Da cidade de Ribeirão Preto/SP, a banda Fatal Scream lança seu debut, “From Silence to Chaos”.

Sendo uma banda relativamente nova, idealizada em 2012, e que está lançando seu primeiro trabalho com tamanha qualidade, a banda inicia sua carreira chegando com os dois pés na porta.

Sua sonoridade é uma mistura bem dosada de estilos como o Thrash, Power e o Heavy Metal, o que resulta em um trabalho com peso, técnica e dinâmica na dose certa.

Os riffs encorpados e a cozinha densa destacam essas características, acompanhados pelas fortes melodias do poderoso vocal de Carol Lima, grande destaque desse álbum.

Faixas como “Killer Wolf”, com seu peso e refrão pegajoso, “Before The Judgement”, a qual soa como um clássico atemporal e “Betrayer”, agressiva e cheia de groove mostram que a banda caminha com bastante segurança dentro dos estilos citados.

Outro ponto forte nesse trabalho é a produção sonora. O trabalho feito por Rômulo Felício, no Under Studio, possui clareza e naturalidade entre o equilíbrio de cada timbre sem perder o peso e a agressividade sonora da banda.

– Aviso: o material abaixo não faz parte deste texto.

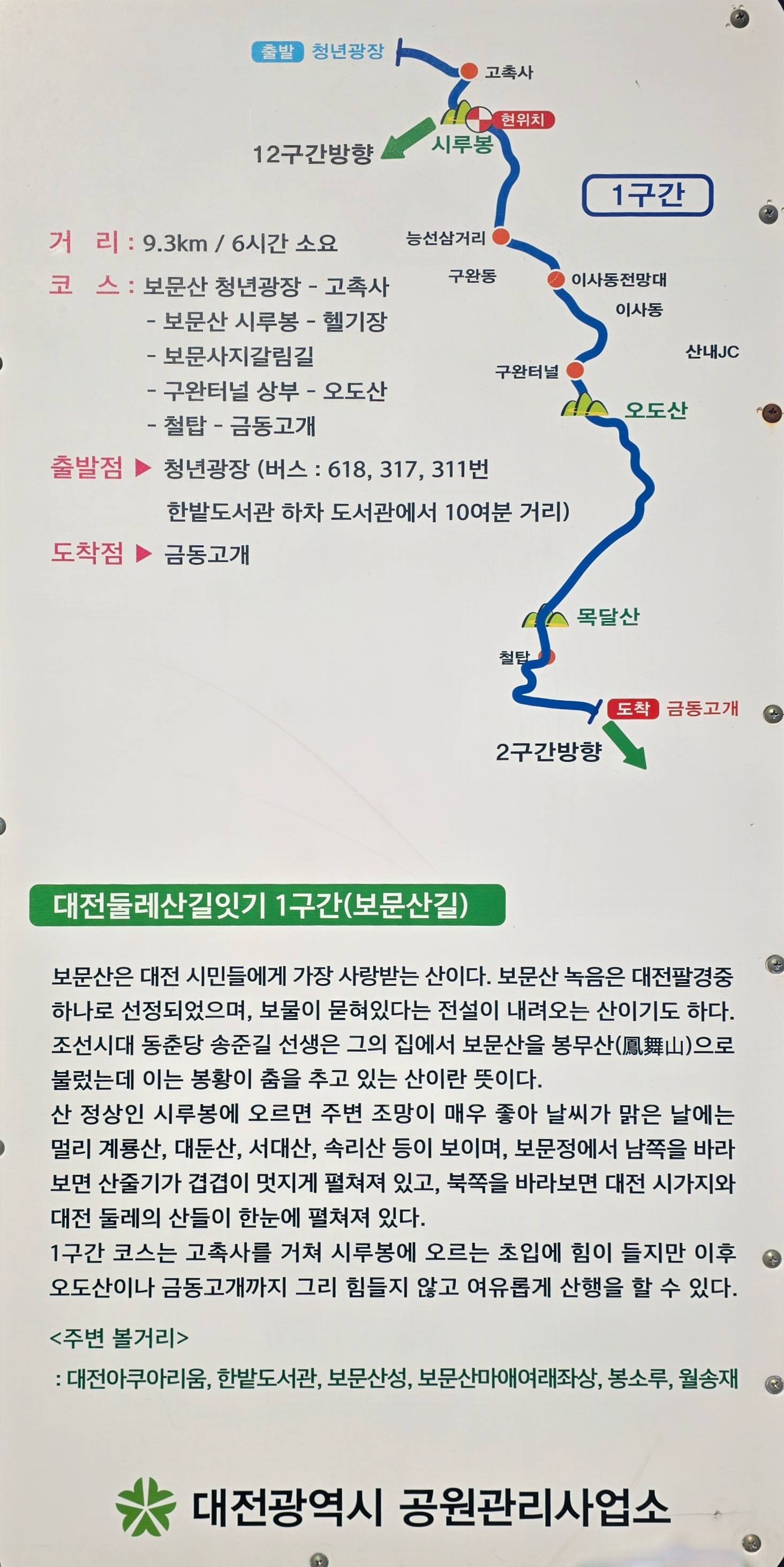 도심 가까이에서 이만한 거리와 깊은 자연을 동시에 만날 수 있다는 점에서, 대전둘레산길 1구간은 사계절 내내 사랑받을 만한 명품 코스임을 다시 한 번 확인했다.
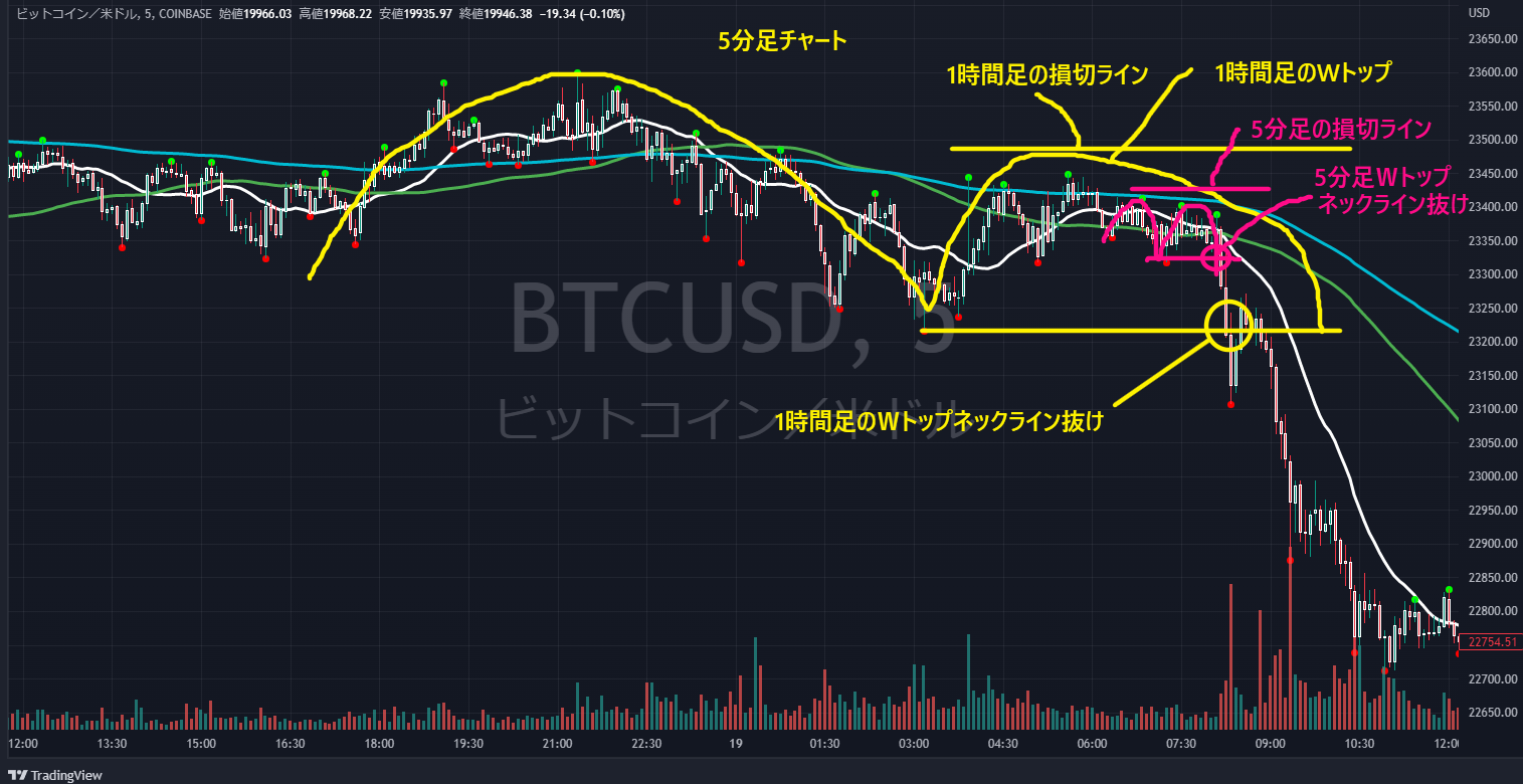 今回のチャートのWトップ(赤色)を5分足でエントリーした後に

O único ponto fraco, mas não menos importante, é o material gráfico.

A capa está interessante, mas no interior do encarte as letras estão espremidas, algumas legíveis e outras de difícil visualização.

Numa era onde o download gratuito reina, acho que as bandas (principalmente da cena underground) deveriam investir um pouco mais na qualidade de seu produto final, não desmerecendo a parte gráfica e tornando a, assim, um atrativo a mais.

Carol Lima (Vocal)

Diego Aricó (Guitarra)

Rodrigo Hurtiga Trujillo (Baixo)

Carlos Lourenço (Bateria)

José Roberto Cardoso (Guitarra)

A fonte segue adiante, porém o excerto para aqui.